» TASK DESCRIPTION
Set down the data below in full and exactly, minus the pictures.

[RECORDED DATA — start]

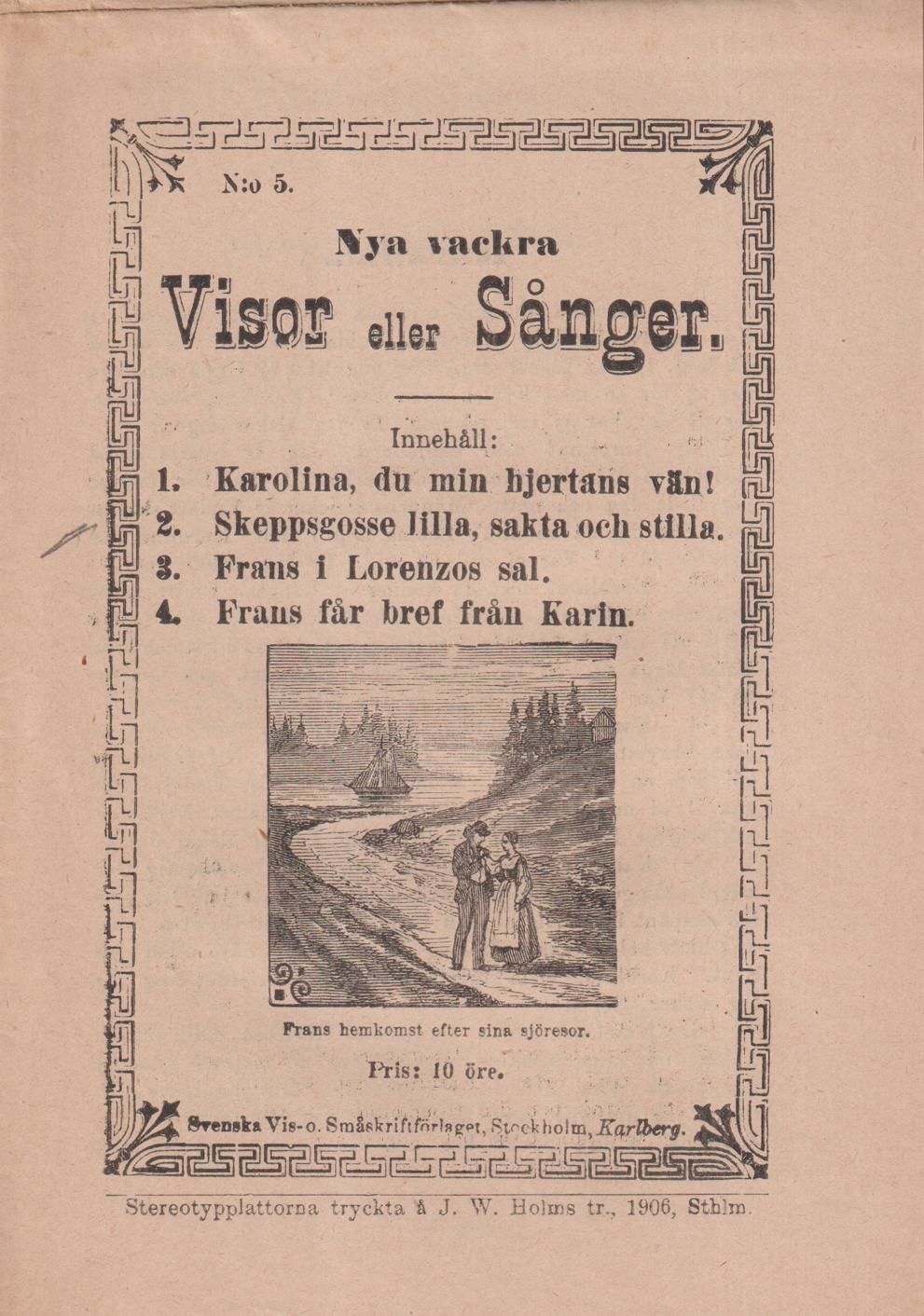 Nya vackra Visor eller Sånger. N:o 5. [Utg. av] Svenska Vis- och Småskriftförlaget.
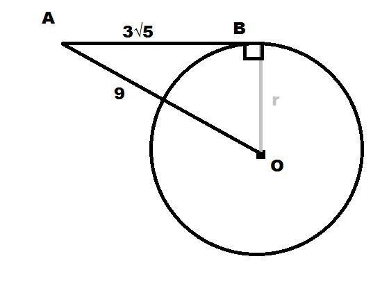 т.к. AB - касательная к окружности ⇒ r ⊥ AB ⇒ ABO - прямоугольный треугольник ⇒r=√(OB²-AB²)=√(81-45)=√36=6 (по теореме пифагора)
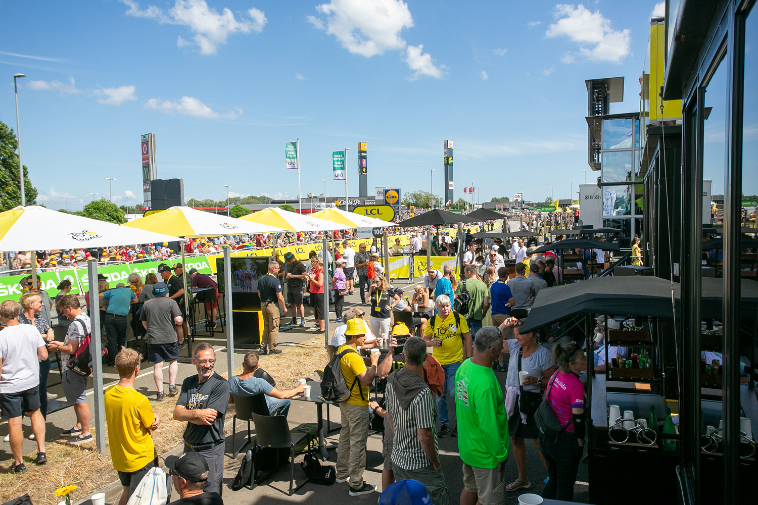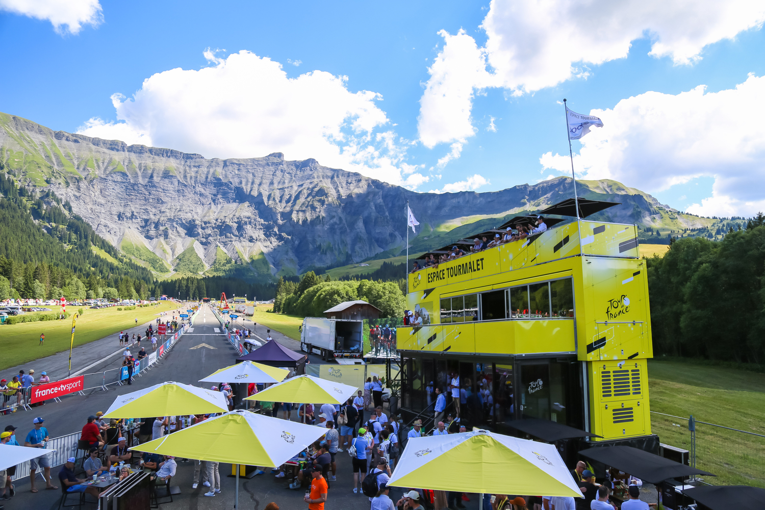 Sur les étapes du Tour, A.S.O. propose également des formules d’hospitalités comme le Relai Etape installé sur le parcours (3000 € HT pour une table de 10 personnes) ou l’Espace Galibier installé généralement à l’arrivée (50 000 € HT pour 100 personnes). Des lieux de vie qui sont également fournit par Sodexo Live!. « La restauration est indissociable de l’accueil de personnes en hospitalités. J’ai travaillé 20 ans avec Roland-Garros… Quand on veut bien accueillir les clients et invités, il faut qu’ils gardent le souvenir d’une journée mémorable, ça passe par l’accueil et la restauration… On fait avec les moyens en extérieur et en itinérance ».

[RECORDED DATA — finish]

» SOLUTION TO THIS EXERCISE
 Nya vackra Visor eller Sånger. N:o 5. [Utg. av] Svenska Vis- och Småskriftförlaget.
 т.к. AB - касательная к окружности ⇒ r ⊥ AB ⇒ ABO - прямоугольный треугольник ⇒r=√(OB²-AB²)=√(81-45)=√36=6 (по теореме пифагора)
 Sur les étapes du Tour, A.S.O. propose également des formules d’hospitalités comme le Relai Etape installé sur le parcours (3000 € HT pour une table de 10 personnes) ou l’Espace Galibier installé généralement à l’arrivée (50 000 € HT pour 100 personnes). Des lieux de vie qui sont également fournit par Sodexo Live!. « La restauration est indissociable de l’accueil de personnes en hospitalités. J’ai travaillé 20 ans avec Roland-Garros… Quand on veut bien accueillir les clients et invités, il faut qu’ils gardent le souvenir d’une journée mémorable, ça passe par l’accueil et la restauration… On fait avec les moyens en extérieur et en itinérance ».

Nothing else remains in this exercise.